The fuzzy-headed vegetarian – now known as inmate 37244-510 in the Metropolitan Detention Center, Brooklyn – gave his first post-conviction interview to William D. Cohan of Puck, published May 9, and it sounds like his multibillion-dollar fintech machinations have been blasted back to the Bronze Age.
“The rice he buys at the prison commissary has become one of the currencies of the realm inside MDC,” Cohan writes. “We joked briefly about how the arbitrage opportunities in jail were better than anything he experienced trading crypto at Jane Street Capital or buying and selling assets at Alameda.”
Jane Street Capital was where Bankman-Fried honed his quantitative crypto-currency trading skills and Alameda, an early-stage venture capital firm, was where he illegally stuffed billions of dollars of FTX customer funds.
On March 28, Bankman-Fried, 32, received a 25-year prison sentence and a court order to forfeit $11 billion following his conviction on seven counts of fraud, conspiracy and money laundering.

Bankman-Fried gave Cohan a jailhouse interview that was about as bland as his diet – particularly compared to say, Ponzi magnate Bernie Madoff, who bemoaned the damage he’d done to his family in his first jailhouse interview in 2011 with New York Times reporter Diana Henriques.

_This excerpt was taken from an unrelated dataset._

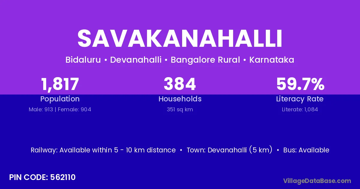 Devanahalli (5 km) is the nearest town to Savakanahalli village for major economic activities and is located approximately 5 km away.

Madoff, who had always acknowledged his guilt, said he couldn’t believe how long he’d gotten away with his crimes without the banks ratting him out. “They had to know,” Madoff told Henriques. “But the attitude was sort of, ‘If you’re doing something wrong, we don’t want to know.’ ”
All Cohan got was Bankman-Fried’s adamance on innocence, regrets about listening to his lawyers, and hopes for a long-shot appeal filed in April.
“We didn’t talk about his trial strategy or whether he intentionally siphoned off the $8 billion of FTX customer funds into Alameda.”
Cohan wasn’t allowed to bring a recording device or even a notepad into the 75-minute interview, so his piece doesn’t even have a pithy quote from Bankman-Fried.